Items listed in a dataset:
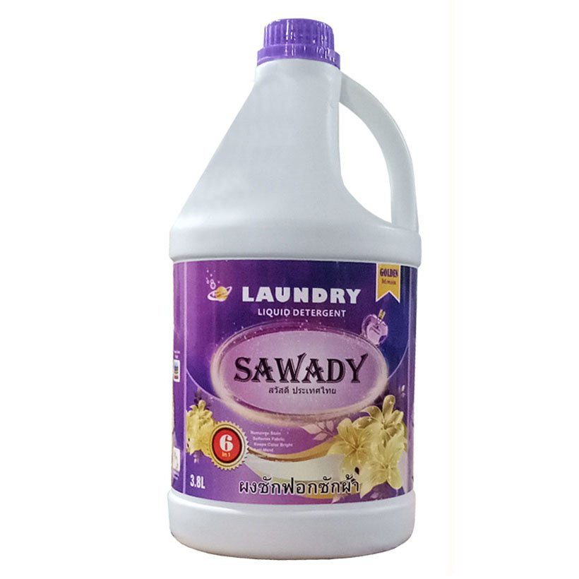- Nước giặt xả 6 in 1 Sawady Thái Lan 3,8L được áp dụng công nghệ sản xuất tiên tiến với tinh dầu nước hoa được nhập khẩu. Đây chắc chắn sẽ là sự lựa chọn hàng đầu cho những bà nội trợ trong công việc giặt giũ hàng ngày:
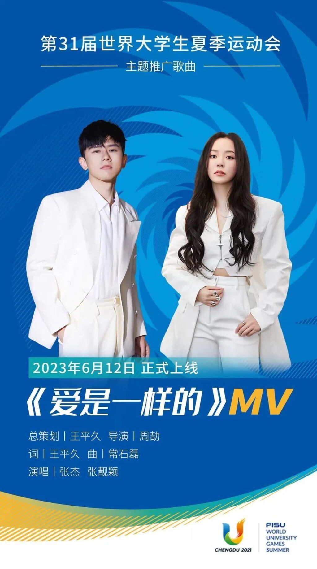 6月12日,成都大运会主题推广歌曲《爱是一样的(Together Forever)》官方MV全球发布!这支MV由张杰、张靓颖倾情演唱并出演。来自世界各地的青年,以赛事与友谊为桥,穿越城市,跨过山海,集聚在体育场,蓄势待发的弦音托举梦想踏上征程!
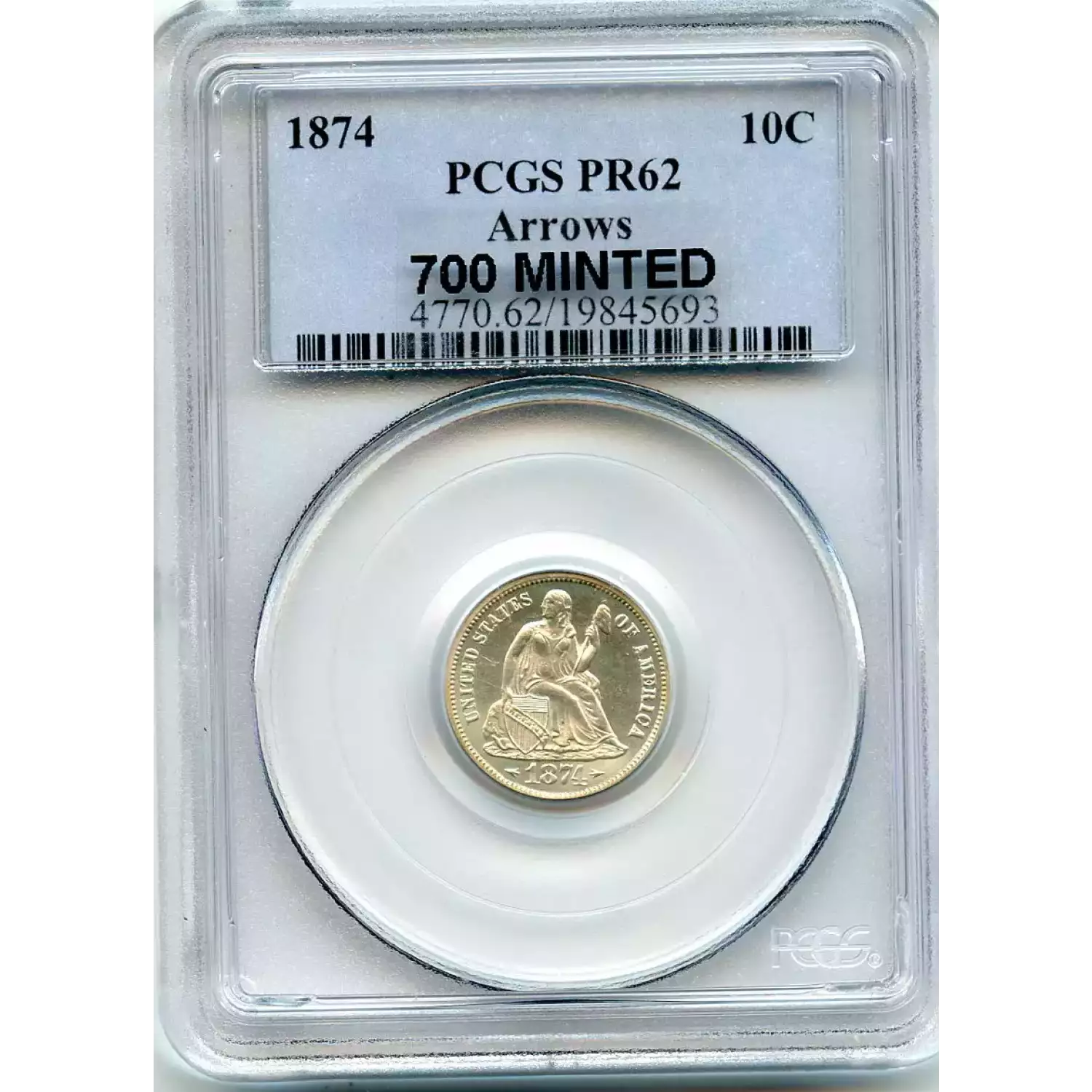 512181 | 1874-PR-62 Liberty Seated Dime PCGS PR-62 | PCGS | PR-62 | Sold: 22/10/2018 | $765 |
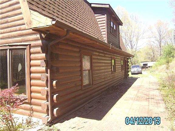 Lovely secluded 2 story log home nestled on a hilltop with large covered front porch & beautiful views! Large kitchen w/island & lots of cabinets! Room under front porch for workshop or storage. Selling "AS IS" "WHERE IS". Buyer to verify all info!
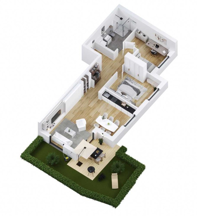 Im Schlafzimmer findet ein 4 Meter Kleiderschrank bequem Platz und auch ein 2 auf 2 Meter Bett fühlt sich darin wohl.

* TASK TO COMPLETE *
In the data above, find the line with "Lovely secluded 2" and repeat it and every line after it through the end, exactly; leave the pictures out.

* SOLUTION *
 Lovely secluded 2 story log home nestled on a hilltop with large covered front porch & beautiful views! Large kitchen w/island & lots of cabinets! Room under front porch for workshop or storage. Selling "AS IS" "WHERE IS". Buyer to verify all info!
 Im Schlafzimmer findet ein 4 Meter Kleiderschrank bequem Platz und auch ein 2 auf 2 Meter Bett fühlt sich darin wohl.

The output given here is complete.